Where is Yazid Today?

This year once again, the demand for submission, is at its most bare in Gaza. The starving of a population, the bombing of hospitals, the killing of children; the order operating as intended, securing the flow of arms and investment. Empire arms it, and Capital profits from it. The Palestinians, refusing to leave their land and organising in the rubble, are answering Yazid’s demand the way Imam Husayn answered: by refusing the legitimacy the killers depend on, even at the cost of their lives. In Sudan the demand is just as ruthless and far less seen. The Rapid Support Forces, armed by the UAE and bankrolled through gold whose markets run through Dubai and London, continue to clear populations to extract what lies underneath them. Meanwhile, the Sudanese resistance committees in displacement do what the Kufan’s did not: keep organising as the killing reaches them under siege, displacement, and famine. But these are just flashpoints. The same operation runs through Congo, Kashmir, Yemen, and West Papua, wherever Capital needs land cleared, resources extracted, or people made compliant.

Here in Britain, the same demand reaches you. Capital that sells smartphones from stolen cobalt, extracts rent, suppresses wages, and disciplines labour into a willingness it then calls free. The demand is for consent to the state, while Prevent surveils the mosque, DWP sanctions the claimant, the Public Order Act criminalises the protester, the asylum regime drowns the migrant, and the climate regime burns the world for the same reasons Capital has always burned things.

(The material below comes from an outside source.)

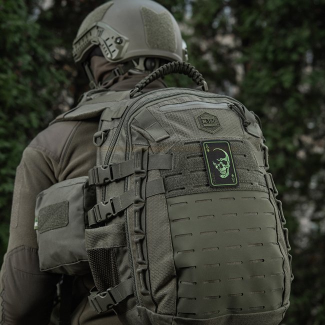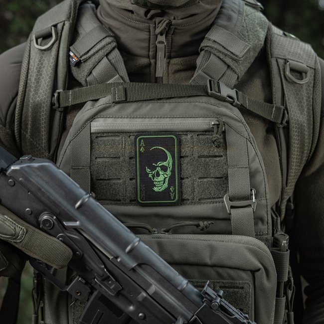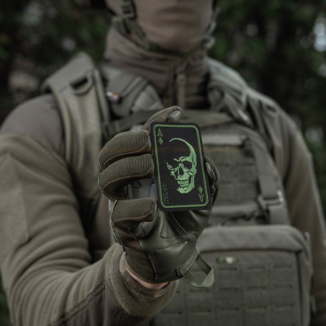 Der M-Tac Face of War Stickerei Patch in Oliv zeigt ein Pik-Ass Kartenmotiv mit einem Totenkopf-Stickerei, welches Furchtlosigkeit in Gefahr und Sieg über den Tod symbolisiert.

These are the same demand for the same legitimacy, asked of different bodies by the same actors. They are also the terrains in which refusal is already lived day to day, from tenants’ unions and rent strikes to claimant organising and disability resistance, unionised workplaces, abolitionist work, organising in and around the mosque, direct action against arms factories that the state now prosecutes as terrorism, and mutual aid networks holding together what the state has chosen to abandon.

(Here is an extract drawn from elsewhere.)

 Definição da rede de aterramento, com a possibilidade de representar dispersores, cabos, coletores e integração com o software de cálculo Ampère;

This Muharram, Karbala’s question returns: what is being asked of you, your labour, your consent, and your willingness to legitimate what dominates, and what it would mean to refuse to give it?

Mourning and Refusal

Imam Husayn was, in worldly terms, defeated. The defeat became the foundation of a politics that has lasted fourteen hundred years and has not, despite every effort, been domesticated. Karbala’s memory long predates the work of Tronti, Federici, or Holloway; without quite knowing it, the autonomist tradition has been working alongside something older and more practised than itself.

Indeed, the secular left has pushed on without much of what Muharram carries. A movement that lives for the next campaign or election has little to fall back on when the campaign fails or the election is lost; it scatters, demoralised, and is built again from near scratch. Muharram does the reverse by gathering a community around a defeat, grieved in the body, with recognition that this is the same grief a person’s grandparents knew and their grandchildren will know. That is why the grief is not sentiment but strategy, since a “we” founded on a defeat cannot be undone by one, nor can it come apart the moment victory doesn’t come. The secular left is not unaware of this, producing what Walter Benjamin named the tradition of the oppressed, the idea of keeping alive the dead and the defeats that power seeks to bury, with its own commemorations and martyrs. But theory is not practice, and a commemoration observed is not grief lived; none of it has been held across the generations the way Karbala has, annually for fourteen hundred years.

Every day is Ashura, every land is Karbala. The question Imam Husayn refused to answer with a pledge is the question Capital and the state continue to ask of every body they can reach. 

Two refusals, different in soil and orientation, learning each other’s names.